Questions: Linear Regression and Least Squares Estimation
3 questions to test your understanding
Score: 0 / 3
Question 1 Multiple Choice
In the linear algebra view of regression, the fitted values ŷ = Xβ* are best described as:
AThe average of the observed response values
BThe orthogonal projection of y onto the column space of X
CThe maximum-likelihood estimate under any error distribution
DThe solution minimizing the sum of absolute residuals
The fitted values ŷ = Xβ* = X(XᵀX)⁻¹Xᵀy = Py, where P = X(XᵀX)⁻¹Xᵀ is the orthogonal projection matrix onto col(X). This projection interpretation is the core geometric insight: we find the point in the column space of X closest to y, and the error is the perpendicular distance from y to that subspace.
Question 2 True / False
Solving the normal equations (XᵀX)β = Xᵀy directly by inverting XᵀX is generally the preferred numerical method for computing β* in practice.
TTrue
FFalse
Answer: False
Inverting XᵀX squares the condition number of X, making the calculation numerically unstable when X is near-singular (e.g., when predictors are nearly collinear). QR decomposition of X directly is preferred because it works with the original condition number of X, not its square. Most regression software (R, NumPy's lstsq, etc.) uses QR or SVD internally.
Question 3 Short Answer
What geometric property must the residual vector r = y − Xβ* satisfy, and why does this property uniquely define the least-squares solution?
Think about your answer, then reveal below.
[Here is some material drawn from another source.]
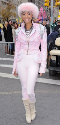 Keri Hilson looks like an adorable ice princess in her pink embroidered ensemble. This get-up is perfect for a parade but definitely not on the red carpet.

Model answer: The residuals must be orthogonal to every column of X — equivalently, Xᵀr = 0. This is the perpendicularity condition: the minimum-distance point from y to col(X) is the foot of the perpendicular from y to that subspace, so the error vector must point directly away from the subspace.
The condition Xᵀ(y − Xβ*) = 0 is exactly the normal equations rearranged. Any other coefficient vector β would produce a residual with a nonzero component inside col(X), meaning we could reduce ||y − Xβ||² by moving β in that direction — so β* would not be the minimizer. Orthogonality of residuals is both the geometric definition of the projection and the algebraic optimality condition.